**Task goal**
Every line from the one with "이들 신차 중에는 가장" to the one with "- Luchtbed, één- of", including those two, is to be copied exactly; all other lines of the entries below are left out.

**Records for the task**
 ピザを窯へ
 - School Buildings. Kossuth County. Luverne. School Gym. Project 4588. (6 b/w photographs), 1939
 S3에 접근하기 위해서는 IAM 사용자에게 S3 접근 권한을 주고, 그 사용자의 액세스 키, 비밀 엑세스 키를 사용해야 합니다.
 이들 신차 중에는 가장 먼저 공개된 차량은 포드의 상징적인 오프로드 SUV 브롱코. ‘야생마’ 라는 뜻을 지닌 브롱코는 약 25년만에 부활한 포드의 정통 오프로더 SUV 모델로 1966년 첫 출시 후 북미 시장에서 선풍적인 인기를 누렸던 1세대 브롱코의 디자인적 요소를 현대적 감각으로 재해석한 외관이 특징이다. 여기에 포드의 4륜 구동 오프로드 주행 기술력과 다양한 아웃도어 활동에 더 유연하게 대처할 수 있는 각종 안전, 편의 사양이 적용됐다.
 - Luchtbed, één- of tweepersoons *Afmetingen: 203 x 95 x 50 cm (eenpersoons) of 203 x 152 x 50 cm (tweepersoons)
--
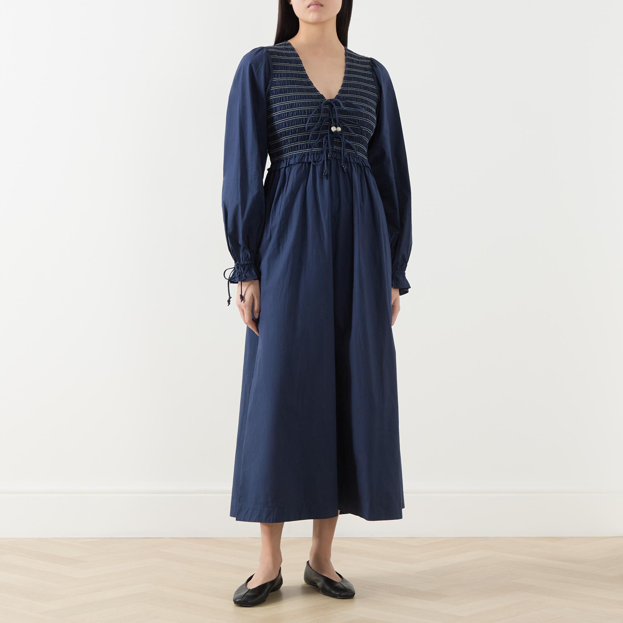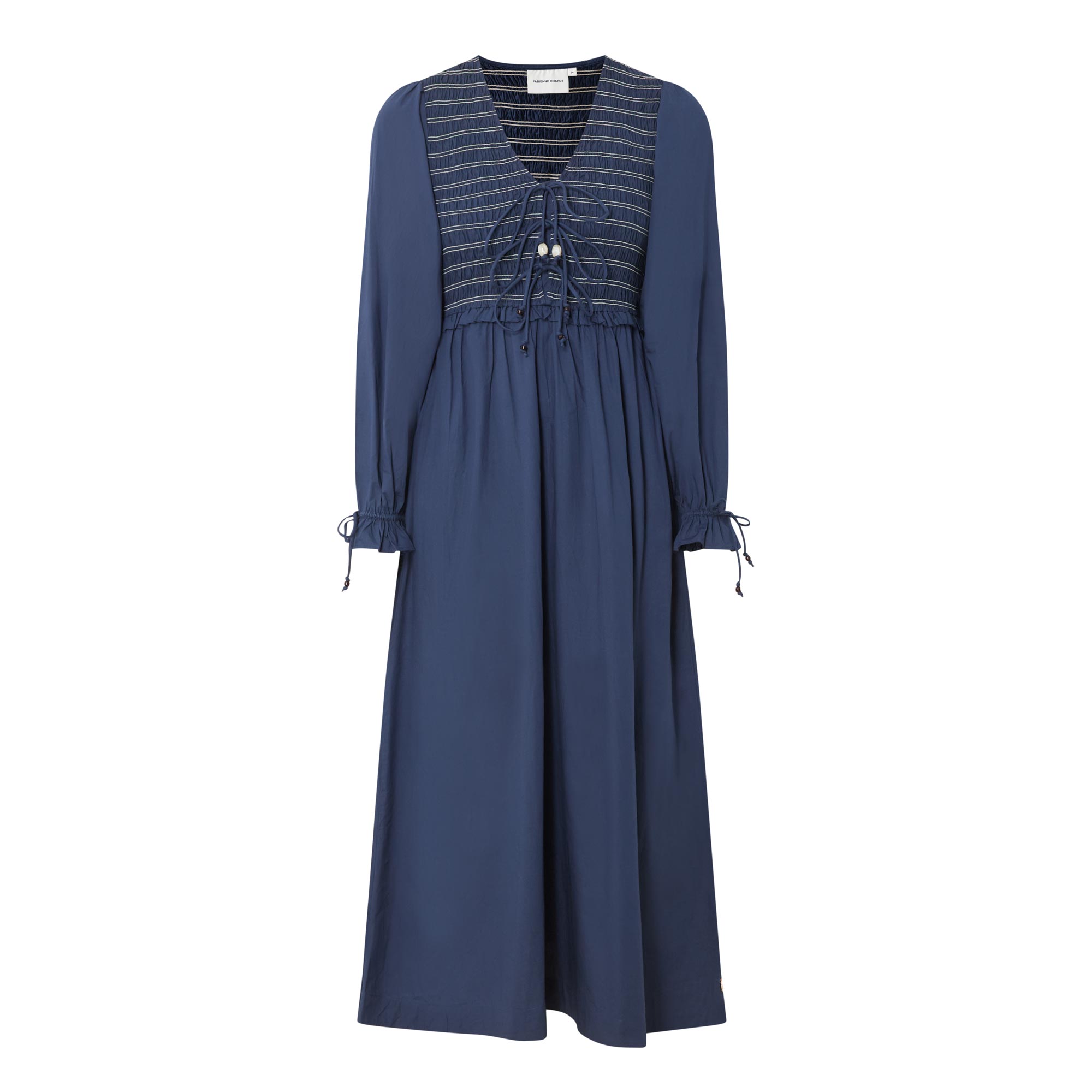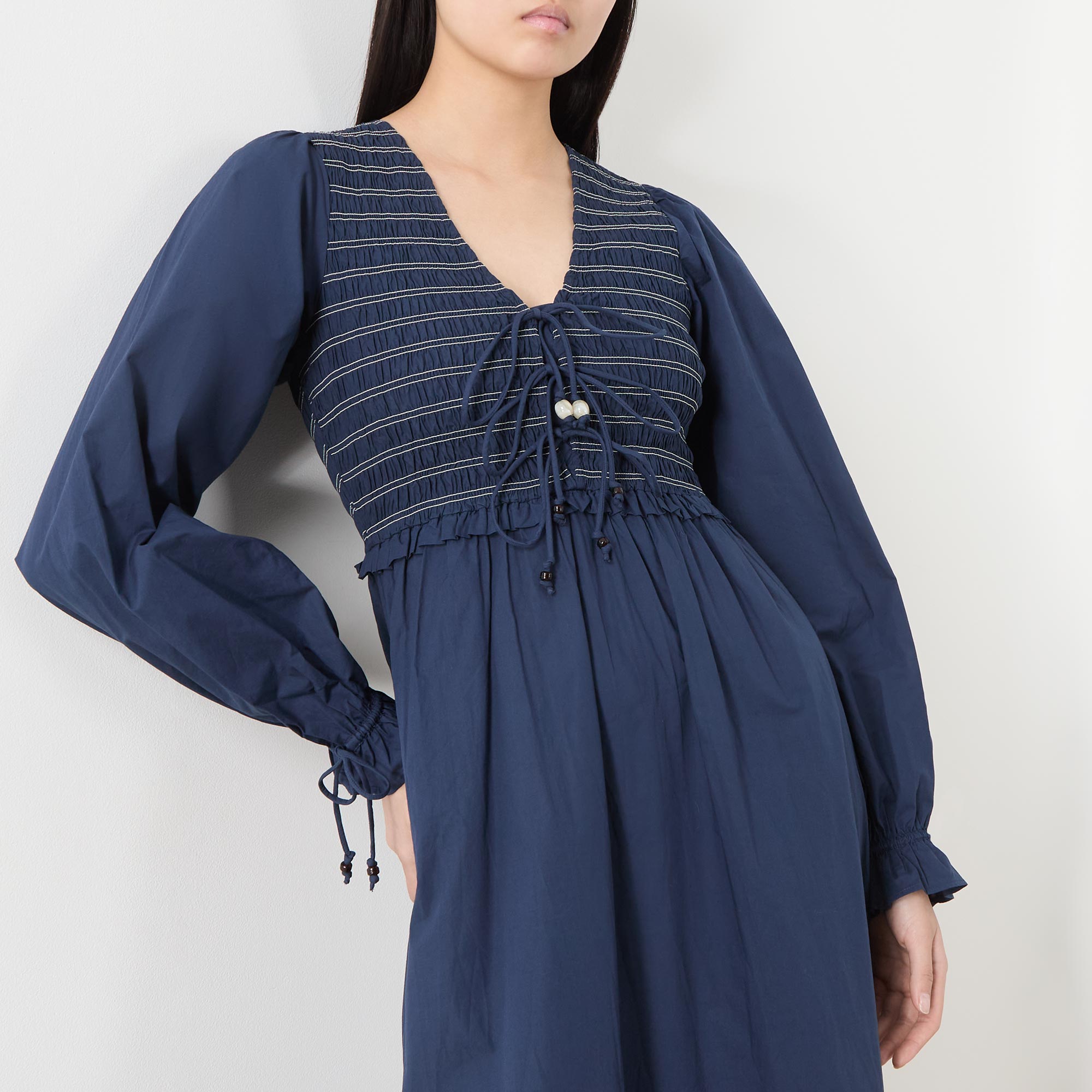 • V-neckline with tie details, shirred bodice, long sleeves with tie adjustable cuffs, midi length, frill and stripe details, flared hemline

**Expected answer**
 이들 신차 중에는 가장 먼저 공개된 차량은 포드의 상징적인 오프로드 SUV 브롱코. ‘야생마’ 라는 뜻을 지닌 브롱코는 약 25년만에 부활한 포드의 정통 오프로더 SUV 모델로 1966년 첫 출시 후 북미 시장에서 선풍적인 인기를 누렸던 1세대 브롱코의 디자인적 요소를 현대적 감각으로 재해석한 외관이 특징이다. 여기에 포드의 4륜 구동 오프로드 주행 기술력과 다양한 아웃도어 활동에 더 유연하게 대처할 수 있는 각종 안전, 편의 사양이 적용됐다.
 - Luchtbed, één- of tweepersoons *Afmetingen: 203 x 95 x 50 cm (eenpersoons) of 203 x 152 x 50 cm (tweepersoons)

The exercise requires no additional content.